Wednesday, March 31, 2010

Kill The Messenger.

During the Middle Ages, when a messenger would be sent to deliver a message to a monarch, they would be killed if the king or queen did not like the message, usually by beheading. Some might think recently that the political scene in la ville de Québec is not that far removed from this type of feudal imbroglio.

The emperor – oh, sorry – the mayor of Quebec City Régis Labeaume, was still basking in the glory of celebrating the 400th anniversary of La Ville, when he convinced the conseil municipal to spend $300,000. for the professional services of Clotaire Rapaille in order to keep tourism in full bloom.

If this stirs vague memories of Clochemerle, a satirical novel by Gabriel Chevallier (and a 1972 BBC telly serial ) set in a French village that must deal with the ramifications of the mayor’s grandiose plans to install a public urinal in the village square, read on.


In February Monsieur Rapaille revealed, with great media panache, the results of his research – so far.

His method, which he has applied to dozens of major corporations, including Chrysler, Procter & Gamble and Nestle, seeks to unlock people's deepest feelings about a product or location. In Quebec City, the 250 participants spent 20 minutes lying on their backs listening to new-age music and being encouraged to relax. They were then asked to write down profound memories of the city. Mr. Rapaille had planned to go over the hundreds of pages of notes gathered, hunting for the "code" that defines the city. ...

At his introductory news conference, he warned that Quebec City had to avoid becoming "a tourist dump" like Venice and move beyond postcard cliches. Otherwise, the city would become "a retirement home for old people eating poutine."

Many people assumed that the information discovered by the mayor's guru would help craft a marketing campaign directed at new generations of tourists who would happily spend money in Quebec City.

Mayor Régis Labeaume wants the city to undergo an image makeover he said it needs to give the city a more modern feel after the huge success of its 400th anniversary celebrations in 2008.

Mr. Rapaille told a group of communications and marketing specialists Wednesday that “Quebeckers are emotional.
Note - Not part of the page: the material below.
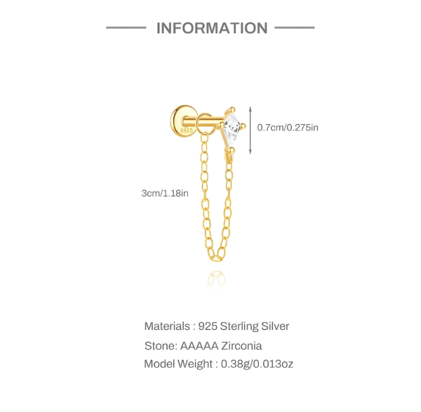 Layering multiple ear piercings unlocks a super chic style, and these stylish 925 sterling silver chain stud earrings elevate your earring taste. Made of hypoallergenic 925 sterling silver, they offer a safe choice for sensitive skin. The chain element gives them a modern and edgy look. Whether you’re going for a casual or formal style, these stud earrings will be a great addition to your accessories collection.
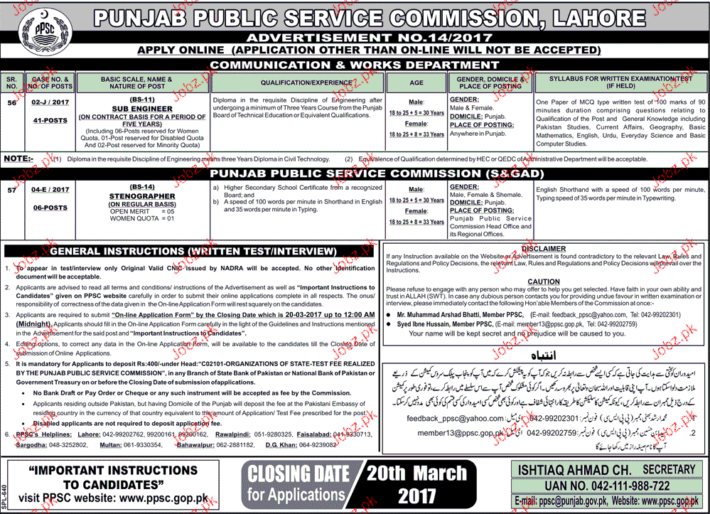 How to Apply on Punjab Public Service Commission PPSC Job Advertisement

Now don't get angry when I tell you that you are completely neurotic,” he said in his presentation.“You are like a sadomasochist couple. The sadist needs the masochist and the masochist needs the sadist. … These types of couples last an eternity, they are the best couples, the most stable. You are with the English a sadomasochist couple and you will be that way forever.”Quebeckers' emotional impulses toward the rest of Canada are part of what Mr. Rapaille calls their “primal reptilian core,” which he says constitutes the “code” that lies deep in people's subconscious. Unravelling that code is, he says, the key to determining how consumers behave toward products. Mr. Rapaille wants to determine how Quebec City residents relate to their city in the same way he helped Dubai and Singapore discover their own particular “code.”

Some journalists were taken aback and challenged the justesse of M. Rapaille's expert market research techniques and his knowledge of Quebec's culture. In response, M. Rapaille claimed he has long been emotionally connected to Quebec because he heard songs from 'le grand Félix' during the German occupation of France. Recordings of Leclerc's music became available in France only after 1950. This anachronism motivated some reporters to investigate M. Rapaille's background in depth.
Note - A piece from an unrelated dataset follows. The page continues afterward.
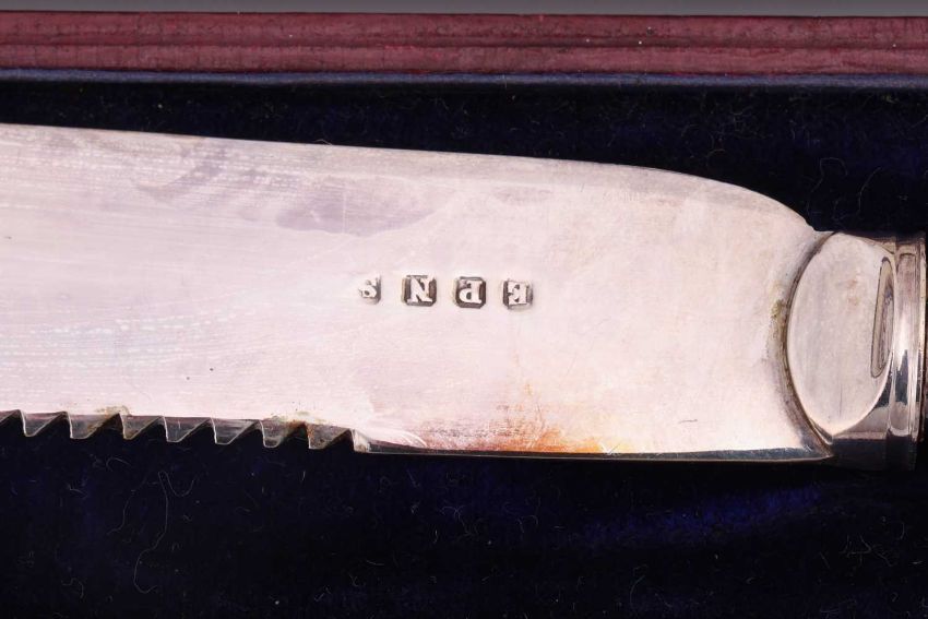 An aggregate of silver items and others; to include a two-handled presentation cup by Mappin and Webb, London 1918; another twin-handled cup by West & Son, Dublin 1911; a silver-mounted glass coaster cased set of eight teaspoons; a cased set of six coffee spoons with a pair of sugar tongs; four fiddle thread and shell dessert forks; six dessert spoons; and two further loose spoons; and a cased silver-plated serrated knife with mother-of-pearl handle; total weighable 1142.11 grams (36.72 ozt).

Le Soleil discovered that Mr. Rapaille falsely listed the French government as one of his clients on his website. He said he had conducted an "archetype discovery on nuclear energy" for the late French president Georges Pompidou. In fact, Mr. Rapaille told Le Soleil, the work was for a charitable foundation established by Mr. Pompidou's widow.

He has also vaunted his work for such cities as Singapore, Dubai, Paris and Venice. Questioned by Le Soleil, he acknowledged the studies were not for the municipalities but for business clients seeking to break into those cities' markets. Quebec City was his first municipal client.

Well, well, well. Mayor Labeaume was not amused by the reporters' investigation. In fact, he became quite testy at a press conference this week.
Unhappy with the questions he was facing, he told the reporters they did not represent the public but profit-seeking companies. He told a journalist from Le Devoir that her recent story, in which a British marketing expert questioned the hiring of Mr. Rapaille, was "journalism of the colonized."
Right. M. Rapaille can declare that Quebeckers have a sadomasochistic rapport with the rest of Canada - and that's OK.

Surely Mayor Labeaume can return to Holt-Renfrew those leather chaps and the studded collar he purchased, in anticipation of his role in promoting the essence of Quebec City. Perhaps he can focus on a different type of feeling instead.